Wall Street Watch: HSBC Securities Offers New Short-term Bonds

A new type of mortgage bond is helping HSBC Securities build its name on Wall Street. The company is offering agency debentures whose principal payments are linked to prepayment rates-the latest twist on the standard security that passes along income from a diversified basket of mortgage loans.

HSBC Securities, a New York unit of HSBC Holdings PLC, which also owns Marine Midland Bank, is among a handful of firms offering the new mortgage products, known as Agency Mortgage-Indexed Principal Redemption Bonds. They are billed as potentially less volatile because of their tie to the relatively consistent prepayment rates of specific security pools, like 8% coupons issued by Freddie Mac in 1995.

Growing demand for the redemption bonds-about $5 billion worth are expected to be issued this year-illustrates that investors can't get enough mortgage securities these days, said Arthur Q. Frank, a research chief at HSBC Securities.

The redemption bonds are especially appealing as alternatives to shorter-term collateralized mortgage obligations and balloon mortgage pass- through securities that currently carry high prices, Mr. Frank said.

HSBC Securities has so far traded about $400 million of the redemption bonds, mostly to financial institutions and money managers interested in shorter-term securities, said Richard Rosati, the firm's executive director overseeing mortgage trading.

Mr. Rosati joined HSBC last summer to rev up what was then a modest mortgage business.

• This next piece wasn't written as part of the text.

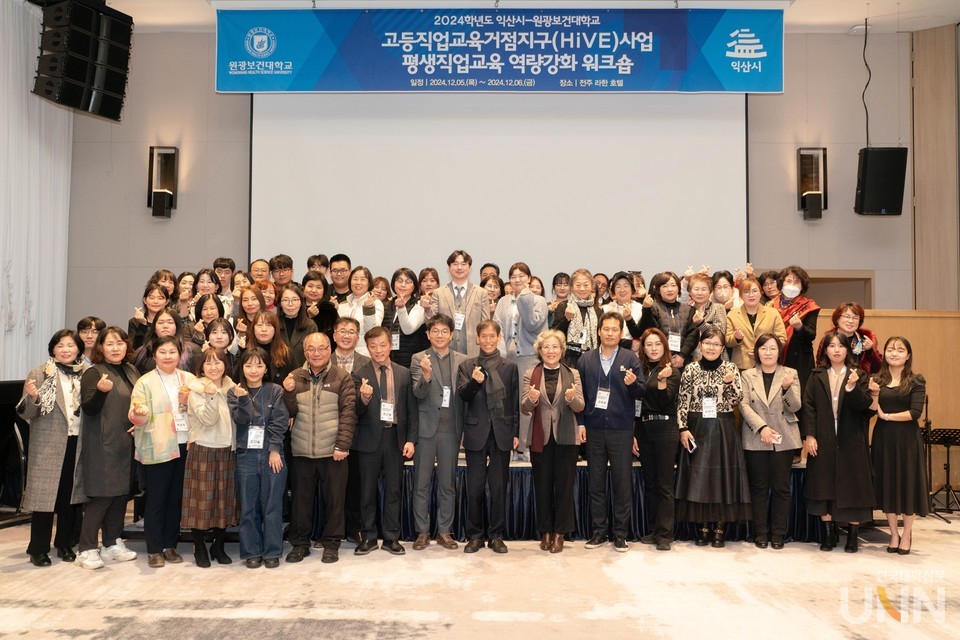 [한국대학신문 이정환 기자] 원광보건대학교(총장 백준흠)가 고등직업교육거점지구사업(이하 HiVE 사업) 평생직업교육 역량강화를 위한 투게더 워크숍을 5 ~ 6일 전주 라한호텔에서 개최했다고 밝혔다.

He is bent on building HSBC as a niche player-using products like the redemption bonds-instead of butting heads with giants like Goldman, Sachs & Co. and Salomon Brothers Inc.

"We need to be creative and show new ideas to the investment community," Mr. Rosati said. "That's where we're going."

u

Mortgage securities are playing a key role in a new kind of mutual fund that aims to be as safe as a money market fund, while offering a higher return.

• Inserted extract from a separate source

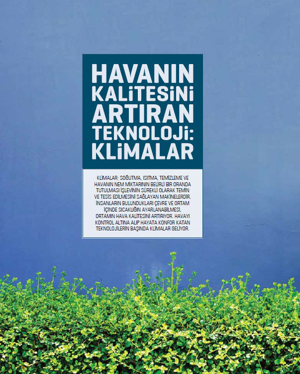 Iklimlendirme; konfor, hijyen ve özel proses ihtiyaçlarının karşılanması için çevre şartlarının ısıl prosesler ile sistemler kullanılarak kontrol altına alınması ve insanlığın hizmetine sunulması bilimi olarak tanımlanıyor. Bu tanım dikkate alındığında, iklimlendirme sektörünün kapsamı; ısıtma, soğutma, havalandırma, hava şartlandırma (klima) sistem ve ekipmanlarını içeriyor. Hava şartlandırma (klima) sistem ve ekipmanları, iklimlendirme sektörünün en önemli unsurlarından biri kabul ediliyor. Aslında klima; soğutma, ısıtma, temizleme, sirkülasyon yaptırma ve havanın nem miktarının belirli bir oranda tutulması işlevinin sürekli olarak temin ve tesis edilmesini sağlayan bir makinedir.

The BT PreservationPlus Fund, introduced last week by Bankers Trust Co., will invest about 25% of its capital in mortgages, said Eric Kirsch, a managing director in the bank's global investment management arm.

The PreservationPlus Fund is structured with a "wrapper"-an insurance policy-to keep its net asset value from declining. The fund will invest in mortgage securities, high-grade corporate bonds, and other securities that should provide better yields than money market funds, Mr. Kirsch said.

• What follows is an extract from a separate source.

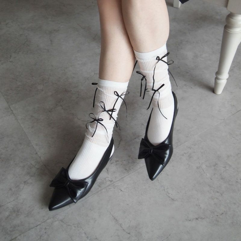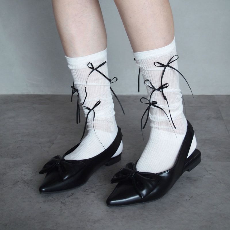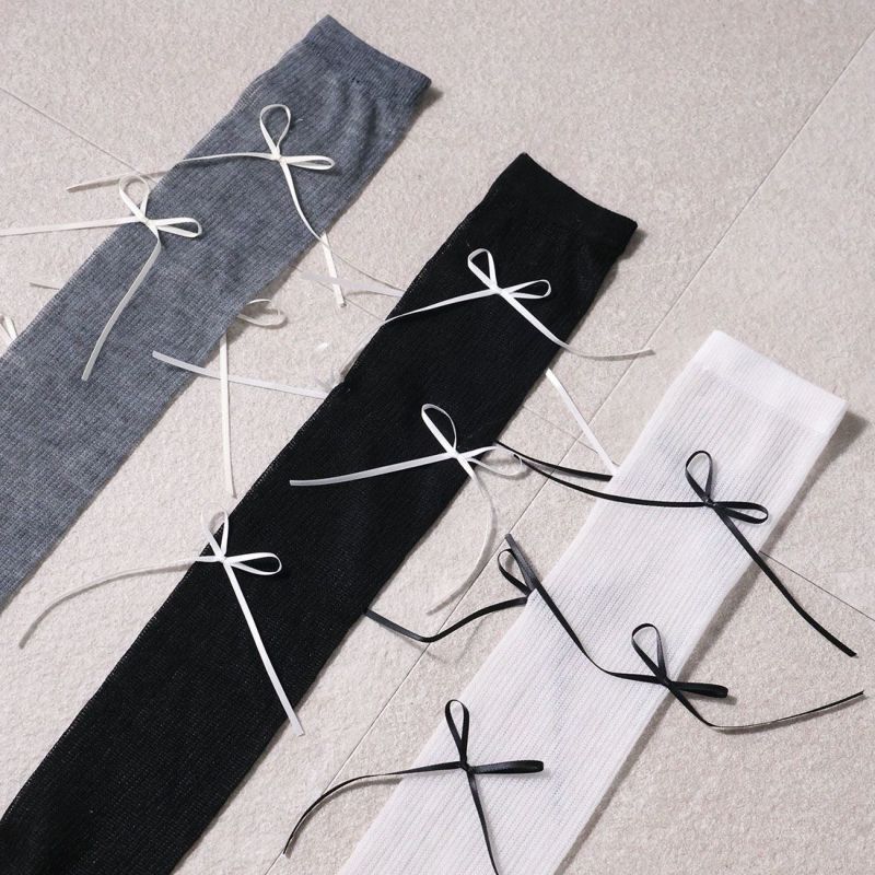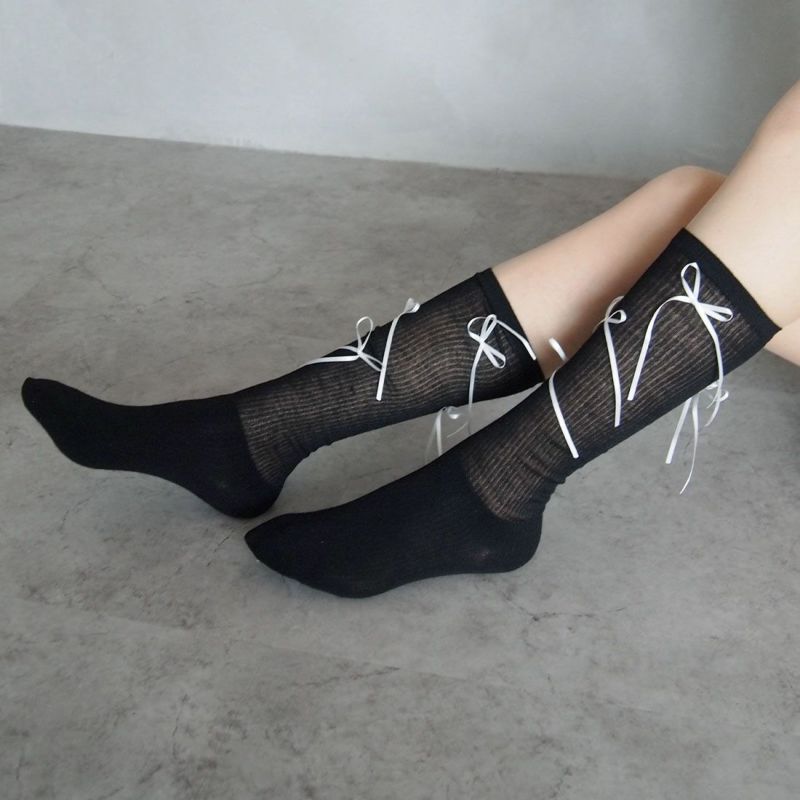 ・韓国トレンドの長めなサテンリボンがポイントのハイソックス!

Mortgage securities are appealing because "they supply higher yields than Treasury securities with virtually the same credit quality," Mr. Kirsch said.

He estimated that investors who stay in the PreservationPlus Fund for five years would enjoy a 200- to 300-basis-point advantage over money market funds.

The New York bank is marketing its new fund to defined benefit plans, like 401(k)s for mainstream companies and 403(b)s for public service employees.

The product is seen as an alternative to Guaranteed Investment Contracts issued by insurance companies. GICs once made up the majority of defined contribution plan assets but have declined in popularity since some insurers ran into trouble and the public acquired a taste for mutual funds.